Telle fut la destinée d’Athénaïs : l’aimable Athénienne nous apparaît à travers ce récit comme une ombre aux traits fins et rigides, détachée d’une mosaïque byzantine. M. Gregorovius lui rend un semblant de vie par la grâce du style et la couleur des descriptions, mais les pensées qu’il prête à cette impératrice du Ve siècle sont celles d’un Allemand érudit et lettré du XIXe, qui a cherché à peindre dans une figure plus symbolique qu’historique l’antithèse d’Athènes et de Jérusalem, de l’Acropole et du saint sépulcre.


J. Bourdeau.
  1. Les Borgia, étude historique, Revue du 15 mars 1877.
  2. Die Idee des Polenthums, p. 166 ; Kœnigsberg, 1848.
  3. Wanderjahre in Italien : Leipzig : , 1881.
  4. Mme Ackermann, le Déluge.
  5. Euphorion, Eine Dichtung ans Pompeji, 4e édit. Leipzig, 1880. Le sujet de ce poème est le dernier jour de Pompéi. Les élégies romaines de Goethe, les poésies d’André Chénier, les poèmes antiques de Leconte de Lisle, la peinture d’Alma Tadéma, peuvent donner l’idée du genre. — L’auteur raconte les amours pudiques d’un jeune sculpteur esclave avec la fille de son maître, l’homme le plus riche de Pompéi. Ils échappent à la mort qui anéantit les richesses et le rang qui les séparent, et vont vivre heureux en Égypte. Cette idylle n’est qu’un prétexte à de brillantes descriptions.
  6. Préface de l’Histoire romaine à Rome, de J.-J. Ampère, datée de la roche Tarpéienne, avril 1861.

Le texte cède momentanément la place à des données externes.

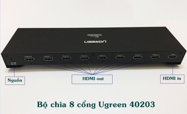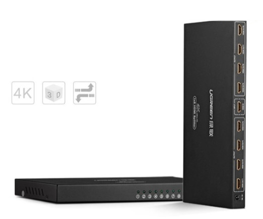 Ugreen 40203 Màu Đen Bộ chia HDMI 1 ra 8 hỗ trợ phân giải FULL HD là một thiết bị cho phép người dùng kết nối bất kỳ thiết bị phát hình ảnh kỹ thuật số chất lượng HD, chẳng hạn như: Android tv box, DVD, truyền hình vệ tinh, PC, Xbox, PS3 và nhiều hơn nữa ra 10 màn hình hiển thị HDMI cùng lúc với chất lượng hình ảnh, âm thanh sắc nét sống động với độ phân giải cao.
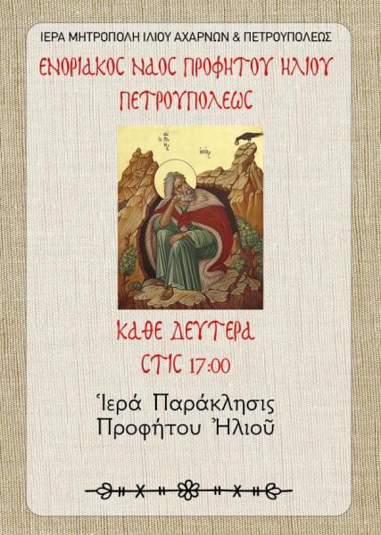 • Κάθε Δευτέρα, ώρα 17:00, Ιερά Παράκληση στον Προφήτη Ηλία.
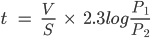 밀폐된 공간(탱크)에서 초기압력부터 최종압력(목표로 하는 흡착압력)까지 배기하는 시간을 구하는 경우에는, 하기의 식으로 산출합니다.
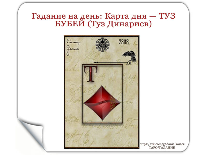 Гадание на день: Карта дня — ТУЗ БУБЕЙ (Туз Динариев) Общая характеристика дня: Сегодняшний день находится под влиянием Туза Бубей — это мощнейшая карта новых материальных начинаний, финансовых возможностей и процветания. В воздухе витает энергия старта, получения ценного ресурса и закладки фундамента будущего изобилия. Что это значит для вас сегодня: Что благоприятно: Что неблагоприятно: Личный посыл: Туз Бубей в ваших руках — это чистая потенция богатства и стабильности. День призывает вас осмелиться по-новому взглянуть на свои ресурсы и таланты. Даже маленькое, но новое начинание, сделанное сегодня, может стать источником большого роста. Ваше процветание начинается с одного верного решения или действия. Для личного обращения -эл.почта- nengvuer@mail.ru, лс- ВК. #КартаДня #ТузБубей #ТузДинариев #ГаданиеНаДень #НовыеНачала #ФинансовыеВозможности #ИсточникДохода #Изобилие #Процветание #СтартПроекта #ДеньШансов #Таро #КартаНаСегодня #ДенежнаяУдача #ИнвестицииВСебя
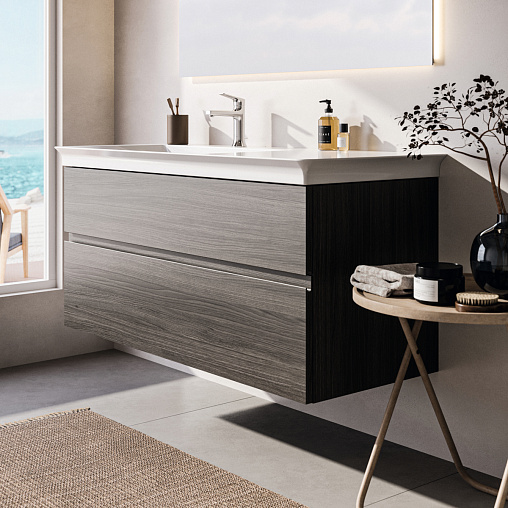 FINESSE Асимметричная тумба для раковины 120х50 см для подвесного монтажа, левая версия, 2 ящика, система плавного закрытия. Конструкция без ручек - паз под верхним и над нижним выдвижными ящиками для легкого открывания. C крепежом. Рекомендуется сифон Space Saving EE23033967 (заказывается дополнительно). Для монтажа с раковинами La Dolce Vita Asymmetrical Left 126 см E2632, E2706, E2696
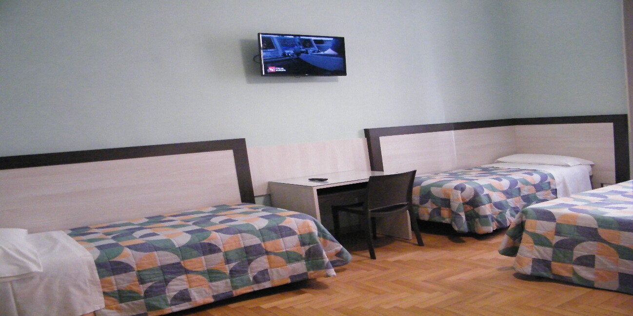 LA CAMERA DA LETTO , è composta da 1 letto matrimoniale e 3 letti singoli ,scrivania ,tv .armadio , bagno in camera , phon , wi-fi gratis .
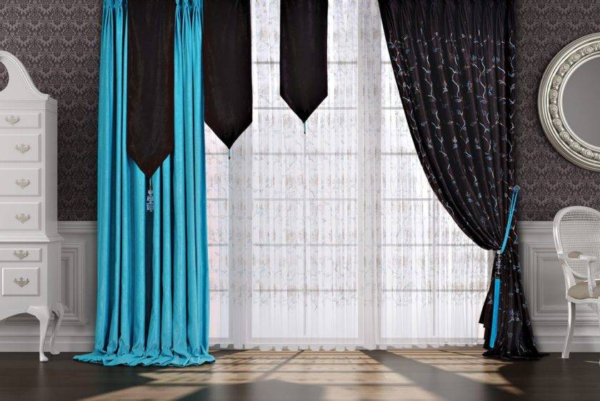 Комбинировать шторы из двух цветов можно в комнате любого назначения. При этом используют плотные, прозрачные, длинные, короткие занавески. Дизайнеры стараются выбирать подходящие сочетания оттенков, отталкиваясь от общей стилистики.
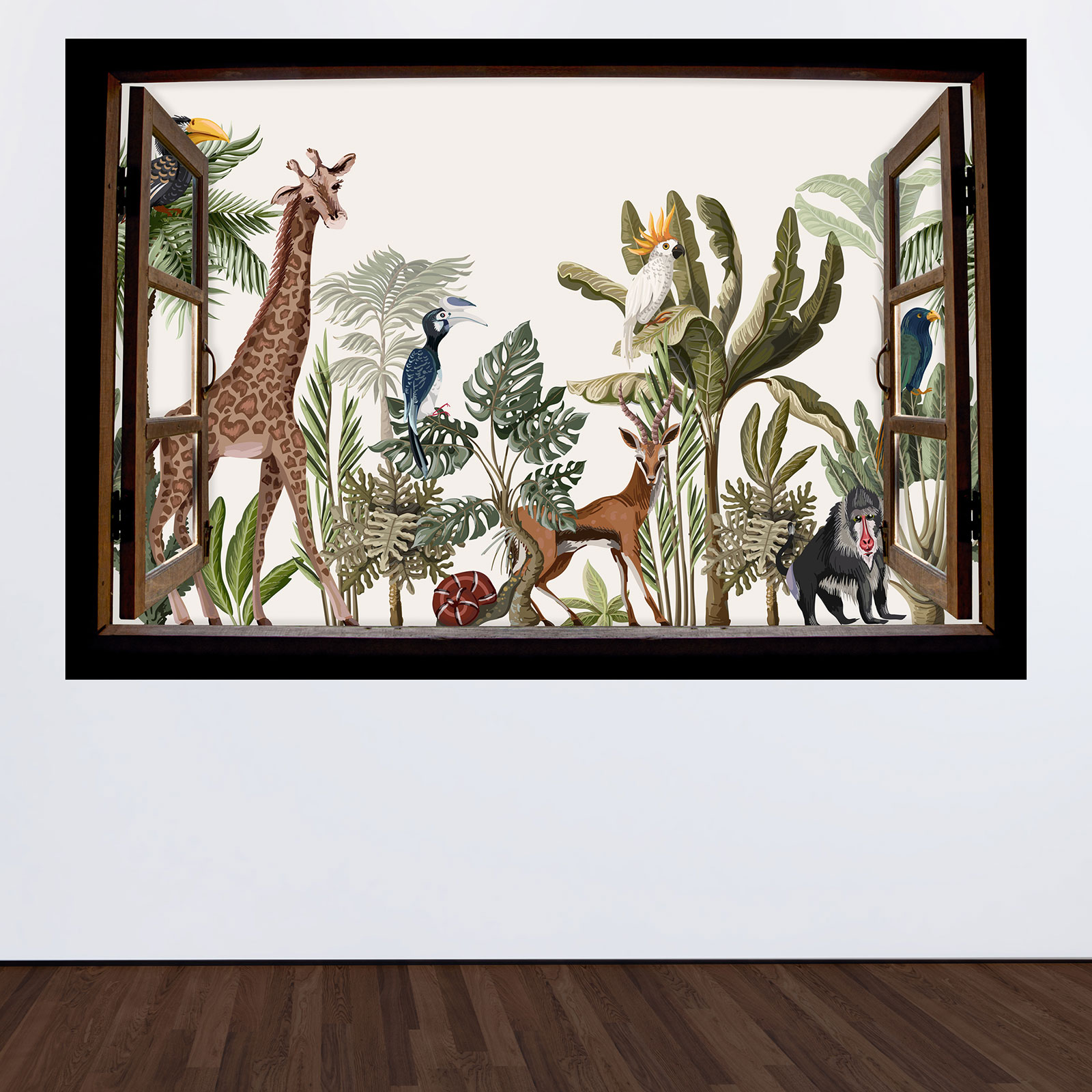 www.lumalea.es > Vinilos > Vinilos Decorativos Trampantojo 3D > Vinilos Decorativos Ventanas de Madera > Vinilo Adhesivo Decorativo trampantojo 3D para niños - Infantil - Jungla
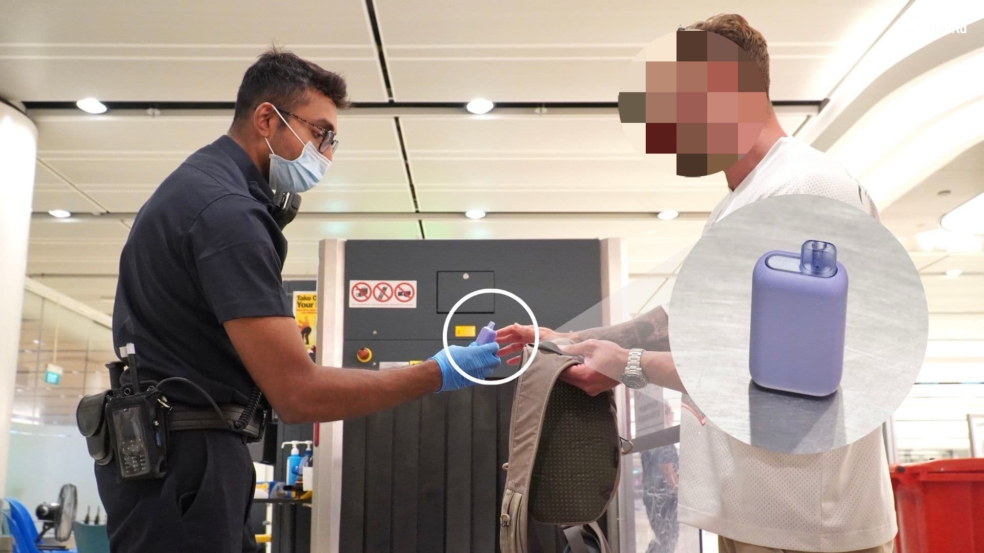 旅客上交电子烟给移民局人员。(图:刘伟聪)
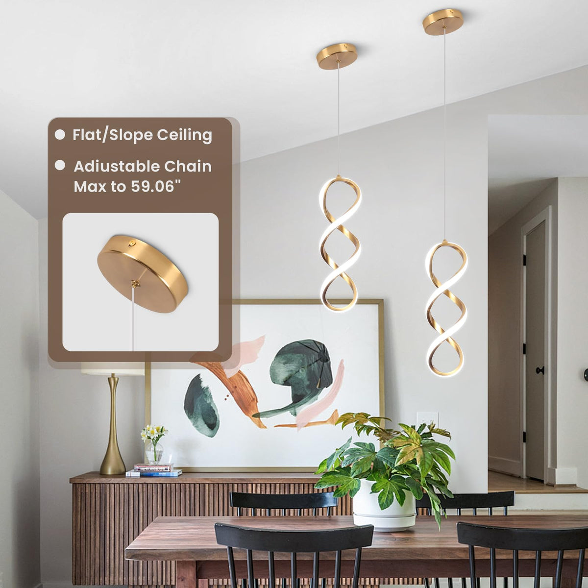 Q: Can this pendant light be installed on sloped ceilings?A: Yes, the Vloitgol Gold Led Pendant Light is designed to be compatible with both flat and sloped ceilings, allowing for versatile installation options in various settings such as kitchens, dining rooms, or bedrooms.
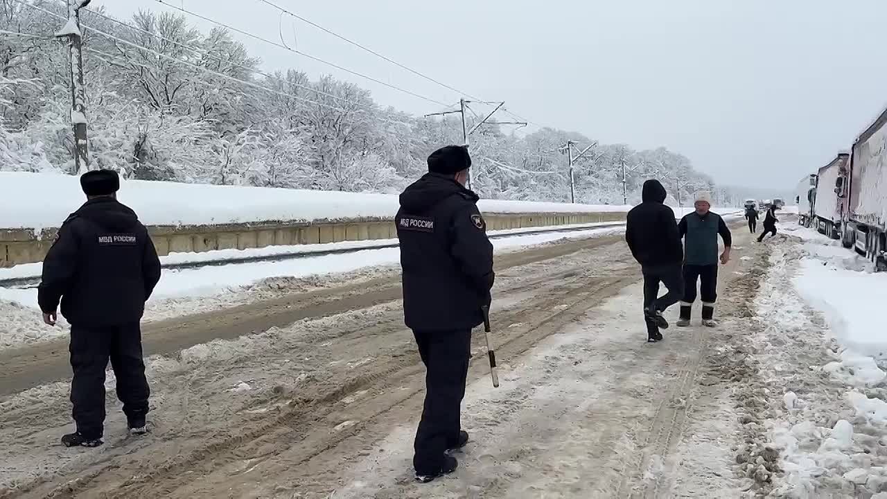Обстановка на участке автодороги А146 "Краснодар - Верхнебаканский". В связи с работой снегоуборочной техники затруднено движение транспортных средств. Комментарий старшего государственного инспектора БДД ОТН Госавтоинспекции Крымского района капитана полиции Александра Максакова.
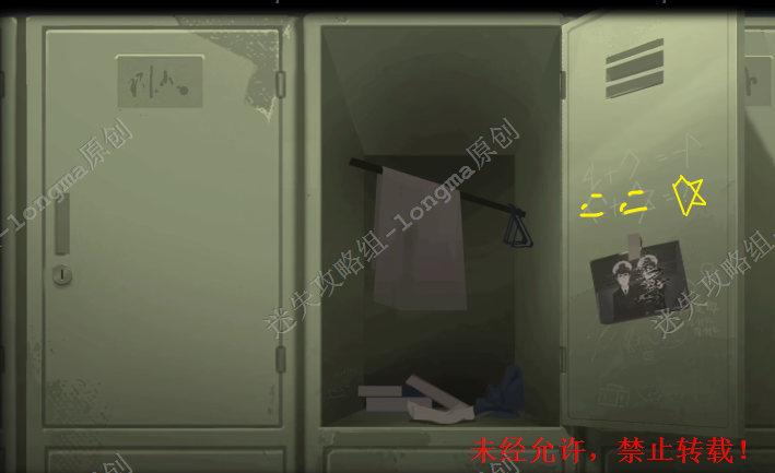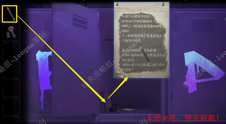 8.向左前进,在衣架上的制服口袋中获得【铅笔】,使用铅笔在柜子中的笔记本上描黑。

  7. Die Grabdenkmäier der Päpste, Marksteine der Geschichte des Papsttums, 2e édit. ; Leipzig, 1881. Traduit en français par M. Sabatier, d’après la 1re édition.
  8. Ce Ve volume de voyages, Wanderjahre in Italien, Apulische Landschaften, 2e édit. ; Leipzig, 1880, était destiné à former le texte d’un album qui aurait reproduit tous les paysages historiques se rapportant à l’histoire des Hohenstaufen. C’eût été un ouvrage analogue au livre publié en 1819 aux frais du duc de Luynes : Recherches sur les monumens et l’histoire des Normands et de la maison de Souabe dans l’Italie méridionale. Mais il ne s’est pas rencontré en Allemagne de Mécène pour subvenir aux frais de cette publication.
  9. L’Histoire de saint Pie V, par M. le comte de Falloux, est une apologie ; l’Histoire des papes, de M. P. Lanfrey, est un pamphlet dirigé contre le pouvoir temporel.
  10. A côté de M. de Ranke et de M. Gregorovius, nous ne pouvons omettre M. de Reumont, dont l’Histoire de Rome a été inspirée par le plus noble dévoûment au saint-siège.
  11. Geschichte der Stadt Rom im Mtitelalter, 8 vol., 3e édit., 1875.
  12. Proclamée patronne de Rome, afin d’intercéder en faveur du maintien du pape, elle qui autrefois l’avait ramené d’Avignon, la sainte nationale de l’Italie était en vogue vers 1866. À cette occasion, un auteur français, Mme de Flavigny, a publié une histoire approfondie de sainte Catherine, inspirée par la plus pure orthodoxie. Dans un ouvrage récent sur le même sujet, M. Alfonso Asturaro étudie les phénomènes psycho-pathologiques présentés par les saintes et les possédées du moyen âge (Santa Caterina da Siena, asservazioni psicopatologiche ; Napoli, 1881). Ce n’est pas sans appréhension que l’on voit ces dures mains d’opérateurs toucher à des apparitions diaphanes. On l’a dit avec esprit, ce n’est plus le bourreau du comte de Maistre, c’est le médecin aliéniste qui est devenu la pierre angulaire de l’histoire et des sociétés humaines.
  13. Dans son cours d’esthétique à l’École des beaux-arts, Italie, Ve leçon, M. Taine présente avec le relief de pensée et d’expression que l’on connaît ce double point de vue que nous venons de résumer.
  14. Voyez la Revue du 15 octobre 1871.
  15. On peut comparer ce tableau à celui du voyago plus récent que M. Gabriel Charmes a publié dans la Revue du 15 juin 1881. Bien des traits communs subsistent une distance de quatorze siècles.